AREDS continues to follow the same individuals that participated in the clinical trial at least through 2006. The long-term safety of these antioxidants and minerals as well as further information on the natural history and progression of AMD will be collected during this phase of the study.
The Geographic Atrophy Study
Dr. Janet Sunness is investigating the natural history of geographic atrophy using scanning laser ophthalmoscopy, a sensitive technique in which retinal sensitivity can be mapped.
- The CAPT Study
Early signs of AMD, particularly drusen (deposits under the retina that appear as yellow spots), may be present on ocular examination prior to visual loss. Therefore, it is possible to identify individuals who are at risk of vision loss from advanced forms of AMD, but currently this does not help us, because there is no proven method of preventing vision loss in patients with dry AMD. Recently, it has been demonstrated that light laser photocoagulation can make drusen disappear, but it is not known if this helps to preserve vision. The Complications of Age-related Macular Degeneration Prevention Trial (CAPT) is a multicenter collaborative trial designed to determine if laser treatment in patients with high risk drusen results in better vision over the long term than observation.
Research on Wet Macular Degeneration (neovascular AMD):
There are several treatments aimed at destroying abnormal blood vessels once they occur and several aimed at neutralizing the stimuli for abnormal blood vessel growth with drugs.
- Laser photocoagulation
Laser photocoagulation involves brief exposures to tiny spots of intense laser light to the area occupied by abnormal blood vessels. The light energy is absorbed by pigment in RPE cells and converted to heat energy that cauterizes and destroys the abnormal blood vessels. However the adjacent RPE and retina are also destroyed resulting in a blind spot or "scotoma" in the area of the laser treatment. If the center of the macula, the fovea, is not involved, good vision can be maintained. The beneficial effect of laser was demonstrated in the Macular Photocoagulation Study (MPS), a large multicenter trial that was directed by physicians at the Wilmer Institute. Drs. Neil Bressler and Susan Bressler have continued to study the data obtained in the MPS and are providing many new insights concerning diagnosis, natural history, and management of patients with AMD.
- Photodynamic Therapy
In the past, only about 10% of patients with neovscular AMD qualified for conventional laser because often the abnormal blood vessels could not be localized or are located beneath the center of the macula and therefore treatment with laser would destroy the overlying retina and result in loss of central vision. A new option will at least double the number of treatable patients as well as increase the chance of avoiding visual loss.

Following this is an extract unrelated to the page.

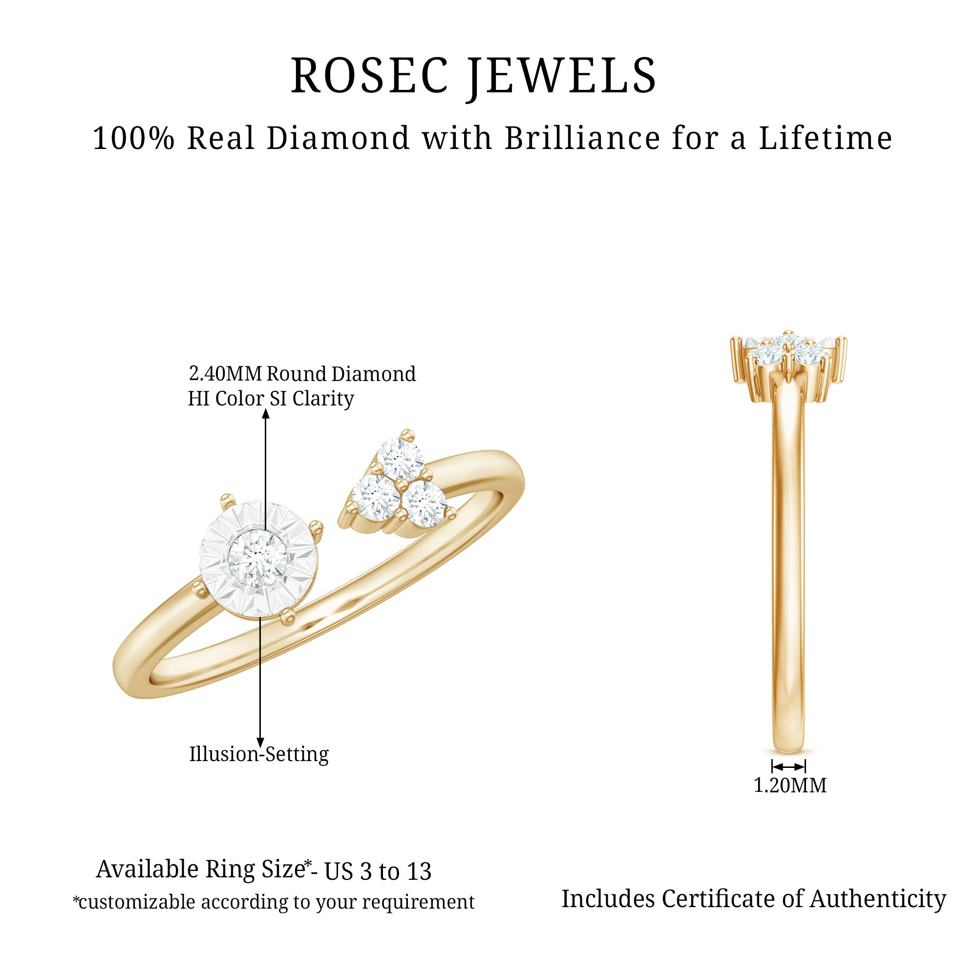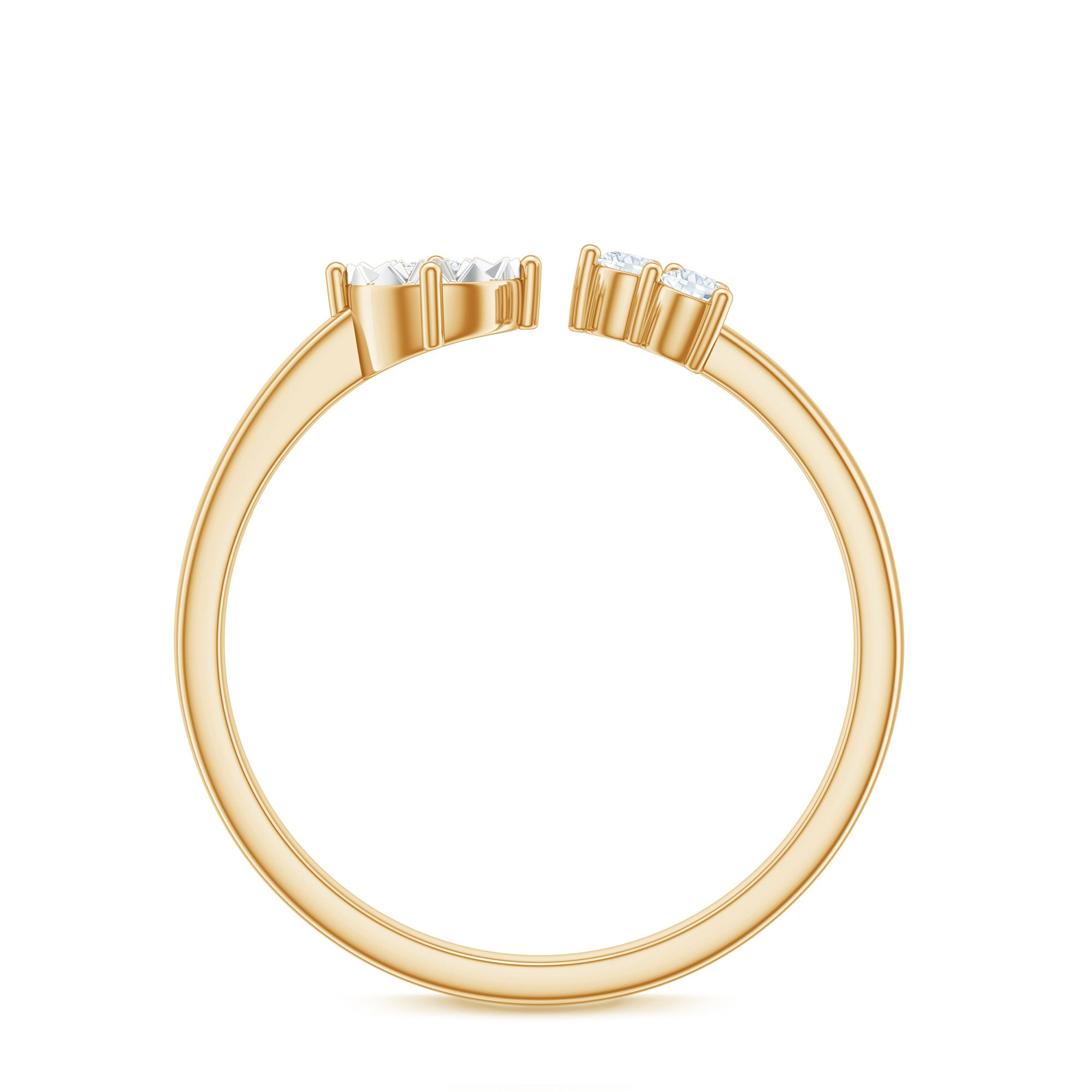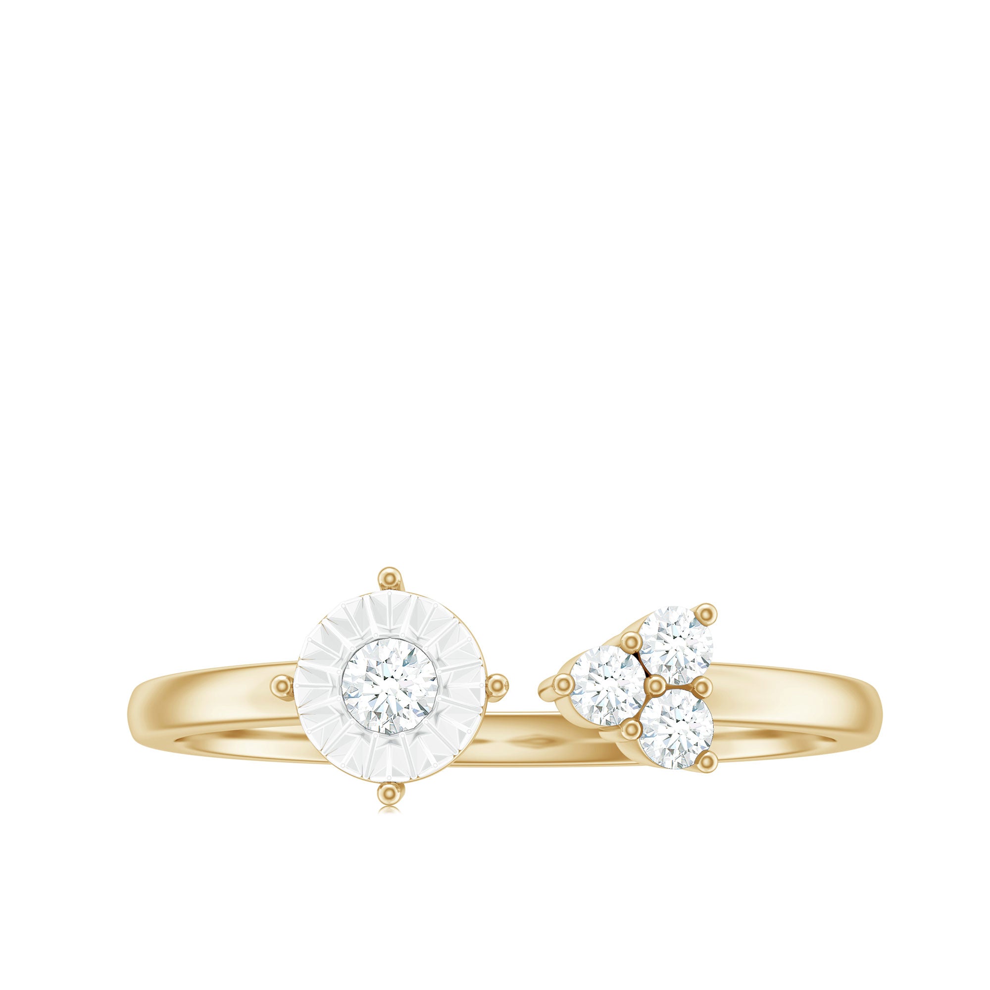 Round Shape Real Diamond Classic Cuff Ring in Gold

Photodynamic therapy involves intravenous injection of a photosensitive dye, Visudyne, followed by irradiation of the macula with low intensity laser to activate the drug. The dye is concentrated in CNV and it is postulated that it absorbs the laser light and releases reactive oxygen intermediates that selectively damage the abnormal blood vessels while sparing the overlying retina. Because of encouraging results in animal models, a large multicenter clinical trial, the Treatment of Age-related Macular Degeneration with Photodynamic Therapy (TAP), was conducted under the direction of Dr. Neil Bressler. It demonstrated that photodynamic therapy decreases the likelihood of moderate levels of vision loss compared to placebo treatment. The TAP results were published in the October 1999 issue of Archives of Ophthalmology. This data formed the basis for the FDA approval of Visudyne in April, 2000. Another investigation, the Verteporfin in Photodynamic Therapy Trial (VIP) also directed by Dr. Neil Bressler, is underway to assess the effects of this treatment in patients with earlier forms of wet AMD. The Wilmer Photograph Reading Center, under the direction of Dr. Susan Bressler, has pioneered new methods of interpreting fluorescein angiograms in patients with wet AMD receiving photodynamic therapy. You may schedule a consultation relating to this treatment online or by phone at 410-955-3518.

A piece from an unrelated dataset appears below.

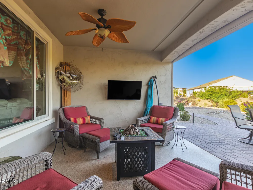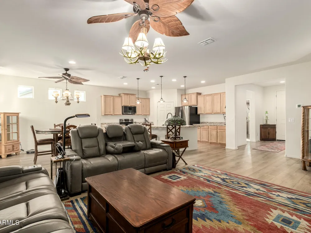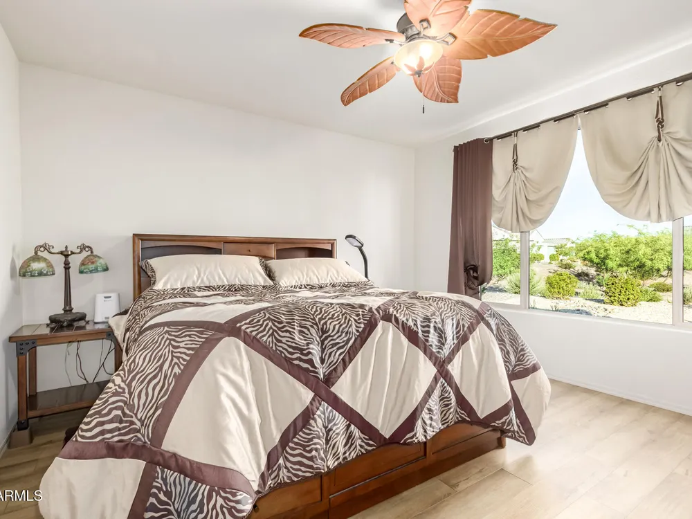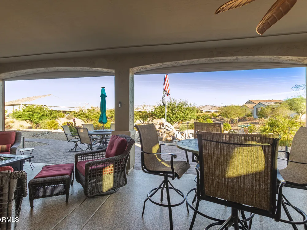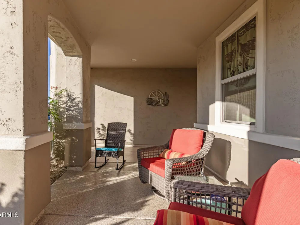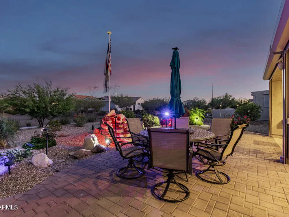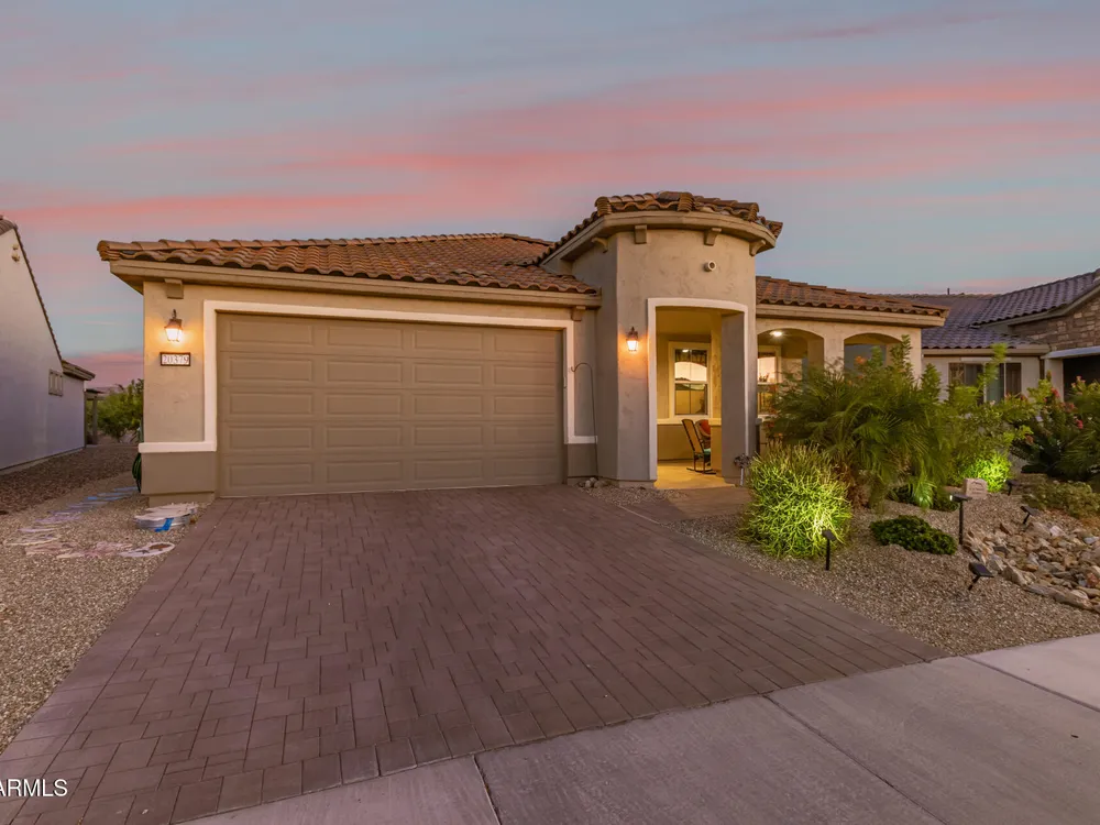 Built in 2023 and better than new, this home in the 55+ Del Webb resort style community is ready for you to enjoy right now—no construction delays, no waiting for landscaping, appliances, or window coverings. Everything has already been done for you, and furniture is included—just bring your suitcase! From the moment you step onto the extended front porch with its oversized 9-ft entry door, you'll notice the thoughtful upgrades throughout. Inside, the kitchen shines with LG top-of-the-line appliances. A spacious corner pantry offers abundant storage, and the open layout makes it perfect for entertaining. Out back, enjoy your own private oasis with a professionally installed 12x30 ft roller-shielded patio, giving you flexible space to relax either enclosed or open to the elements. The patio leads to a beautifully landscaped yard with no homes behind, just peaceful views. A custom stone waterfall, sourced from Arizona's vibrant landscape, adds a tranquil touch, while over 50 plants and 3 mature trees on a drip system make outdoor living low-maintenance and lush year-round. This home includes a solar panel system providing energy efficiency and lower utility bills. Enjoy sustainable living and long-term savings with this eco-friendly upgrade. The oversized garage easily fits your vehicles, storage, or workshop space, plus it comes with a like-new Star Deluxe 48V golf cart that converts to a 4-seater. Living in Sun City Festival means you're not just buying a home, you're gaining a lifestyle. Whether you're into golf, fitness, crafts, or community events, you'll love the two full recreation centers, resort-style pools and spas, group fitness studios, indoor walking track, woodshop and crafts studios, and courts for pickleball, bocce, and tennis. The 27-hole championship course managed by Troon Golf® is just the cherry on top. Located just ½ mile from fire and EMT services for peace of mind and backed by a Pulte Home Limited Warranty, this home truly offers resort-style living with all the hard work already done. Skip the wait and the extra cost- current loan is assumable at 4.25%. This is the new build, perfected.

- The Submacular Surgery Trial
An alternative to destroying abnormal blood vessels with laser or photodynamic therapy is surgical removal through a small opening in the retina. Pilot studies demonstrated that this approach is feasible. Therefore, since August 1997, the National Eye Institute (NEI) agreed to fund several multicenter, randomized clinical trials to evaluate the potential benefits and risks of submacular surgery for abnormal blood vessels, including cases caused by age-related macular degeneration. There are twenty-one clinical centers across the country that are currently enrolling and following patients including a center at Wilmer at Johns Hopkins.

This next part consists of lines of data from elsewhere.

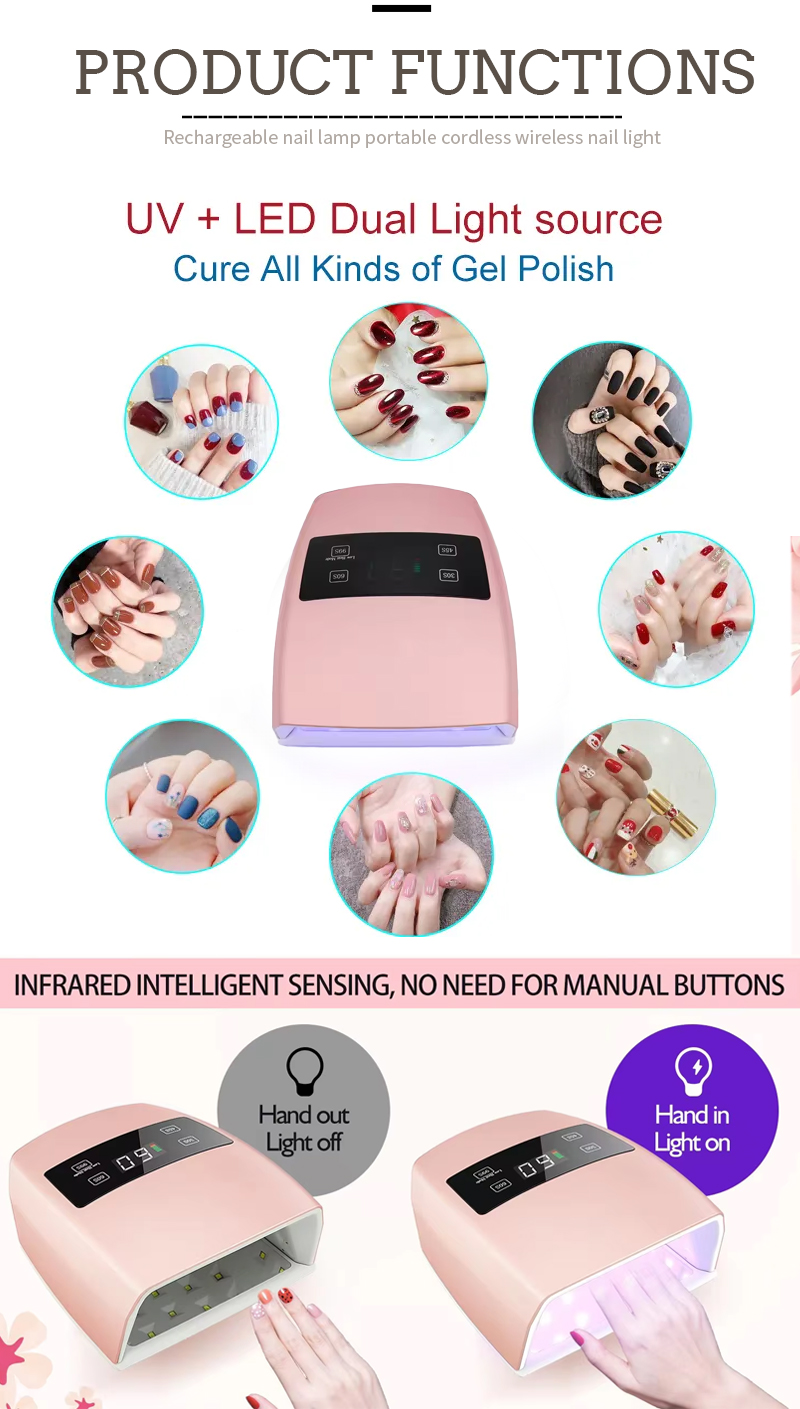 1, chanzo cha taa mbili za taa za LED, zinaweza kuoka gundi ya msumari na gundi ya kazi.
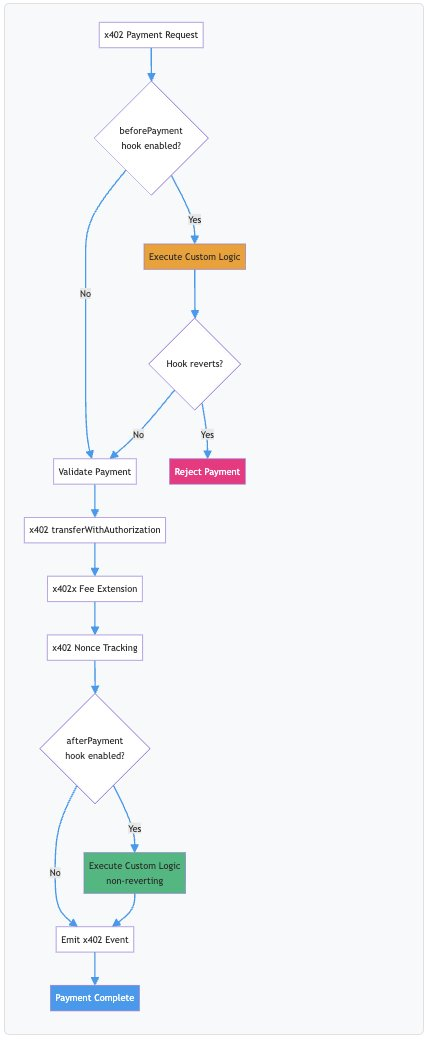 x402x adds four custom hooks to the fixed payment process of x402: beforePayment, afterPayment, beforeBatchPayment, and afterBatchPayment. Merchants can inject TypeScript functions containing the complete payment context (sender, amount, token, timestamp, metadata). The before hook can roll back transactions to enforce business logic. The after hook is non-reversible since the payment has been settled on-chain. This extension allows for application-specific logic (such as credential checks, subscription validation, NFT minting, membership programs, etc.) without modifying the core x402 protocol.
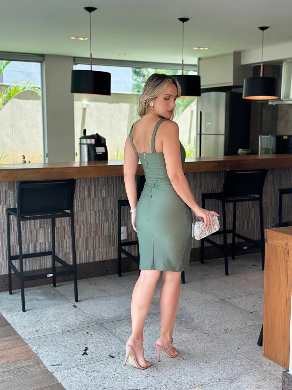 Sofisticação com um toque de modernidade. O Vestido Ana Oliva tem modelagem midi e é feito em tecido Prada, que proporciona estrutura e conforto. O tom oliva garante um visual elegante e contemporâneo.
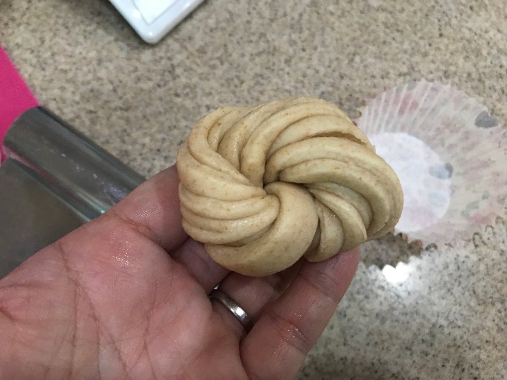 8. Unfold gently, twist and form a round shape. Place in baking paper.
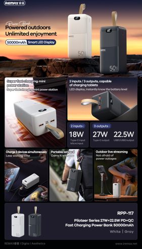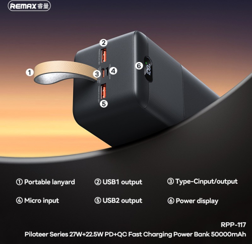 External battery Power Bank Remax RPP-117 22.5W 50000mAh black

Dr. Neil Bressler is the SST Chairman who directs the activities of the clinical centers, Dr. Barbara Hawkins directs the SST Coordinating Center that receives and analyzes data received from all of the participating centers, Dr. Susan Bressler directs the Photograph Reading Center that receives the retinal photographs taken of all SST patients.
- Limited Retinal Translocation
Another approach to dealing with patients who have CNV beneath the center of the macula is to move the retina with respect to the underlying CNV so that the CNV can be treated with laser without destroying the fovea. Original procedures to achieve this were difficult and fraught with complications. A simplified approach, Limited Retinal Translocation was developed by Dr. Eugene de Juan at the Wilmer Institute and initial results have been encouraging.
- Drug treatments to inhibit abnormal blood vessel growth
All of the treatments discussed above are aimed at eliminating abnormal blood vessels, but do not address the underlying stimuli for blood vessel growth. As a result, even when the blood vessels are successfully eliminated, they frequently come back and cause severe loss of vision. Therefore, there is strong motivation to develop drug treatments that inhibit the stimuli for blood vessel growth. This requires an understanding of the molecular signals involved which provide the targets for drug treatment (see above). One of the molecular signals involved is vascular endothelial growth factor (VEGF) which is a potent stimulator of blood vessel growth. There are several approaches to neutralize VEGF that are being explored; one is to use anti-sense oligonucleotides which decrease VEGF mRNA levels and thereby decrease VEGF levels. Dr. Julia Haller is principal investigator at the Wilmer Institute for a multicenter phase one study sponsored by Nexstar Pharmaceuticals which is investigating the safety of intravitreous injection of VEGF anti-sense oligonucleotides in patients with advanced neovascular AMD.
Angiostatic steroids are agents consisting of a glucocorticoid (anti-inflammatory steroid) coupled to heparin. They inhibit abnormal blood vessel growth primarily through inhibition of matrix metalloproteinases.
There are currently several additional drug studies that are in the planning phase and they should begin sometime over the next year - stay tuned.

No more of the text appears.